Abel Leal regresó a la caja de bateo. Ascensión Díaz recibió la seña del receptor, acomodó los dedos índice y corazón sobre las costuras de la pelota, tomó impulso, levantó los brazos y soltó un lanzamiento en curva que no desarrolló todo lo que debía, quedándose en el centro del plato. Abel Leal, excelso bateador, tuvo que haber descifrado la trayectoria de la pelota con solo ver su rotación, tensó los músculos del abdomen y de sus antebrazos, aguzó su visión de tigre y le hizo swing grande. El estadio enmudeció. Solo se oyó el golpe seco de la madera descosiendo la pelota. Desde el mismo momento del impacto Abel Leal supo que se iba de jonrón.

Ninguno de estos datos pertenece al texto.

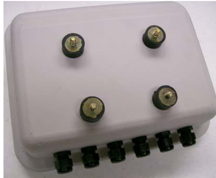
Model 212-G / Model 212-GX Rear Panel
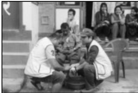
Lions from Nepal aid a pilgrim from the religious walk

Partnering with the Red Cross, 17 Lions provided first aid, foot massages and water to walkers for eight hours. Chartered last July, the club also organizes blood donations, distributes wheelchairs, sponsors cataract surgeries and will establish a library.
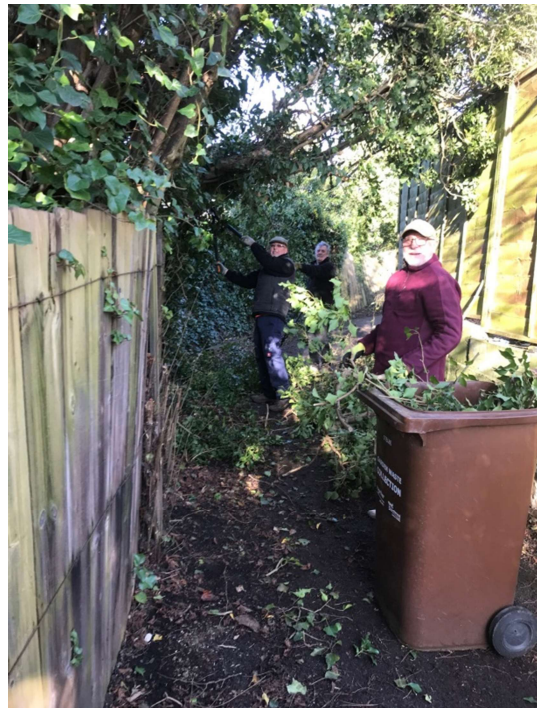
Our Team hard at it!
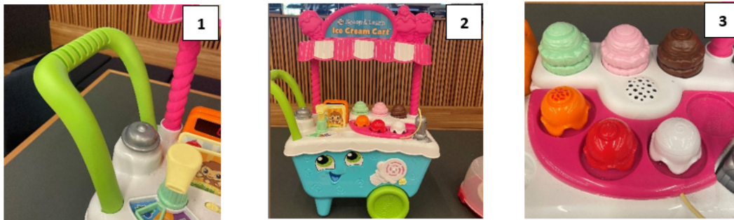
Figure 1: The LeapFrog Scoop & Learn Ice Cream Cart, (1) pushing handle, (2) toy set-up, (3) ‘ice cream ingredients’ that can be interacted with through fine motor interactions.

The study began by examining online catalogues, toy stores and department stores (e.g., Target, Toyworld) for toys that would adhere to the criteria outlined above. From there, we expanded our searches by also exploring typical makers of children’s toys such as LeapFrog and Vtech Electronics. As each eligible digital toy was identified, it was logged into a spreadsheet with information about the toy’s target age group, purpose, digital and physical components, and a description of how the toy is used or interacted with. We also acquired some of the eligible toys for closer observation and to comprehend the information logged into the spreadsheet.
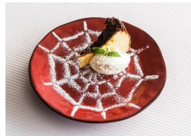
Web Cheesecake ¥700 (excluding tax)
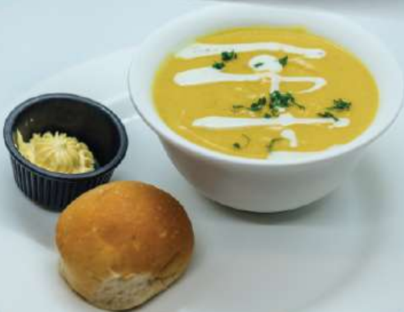
Cream of Pumpkin & Butternut Soup 380/-
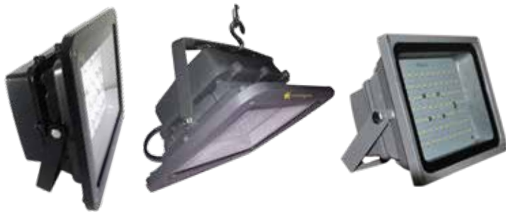
LED FLOOD LAMP (STANDARD / PREMIUM)

Con ese batazo se empató el partido en la novena entrada.
Se dice que en ese batazo la pelota recorrió una distancia cercana a los seiscientos pies; se dice que dos señores en Cartagena murieron por la emoción del jonrón; se dice que el público en el estadio, loco de júbilo, invadió el terreno de juego; se dice que se necesitaron veinte minutos para reanudar el partido; se dice que a Édgar Perea se le quebró su voz de acero y se dice que en Barranquilla no hallaban dónde esconder los carros de bomberos. De lo que no hay dudas es que en la undécima entrada Bolívar ganó el campeonato con hit de Tomás Moreno. Esa tarde de septiembre de 1972 se escribió la leyenda de Abel “el tigre” Leal que, después de cuarenta y dos años, vuelvo y la cuento para que no se extravíe en nuestra memoria líquida. Desde aquella época son varios los que han querido llevar un tigre por apodo; pero tigre, lo que se dice tigre, solo hay uno, y ese es el eterno Abel Leal Díaz.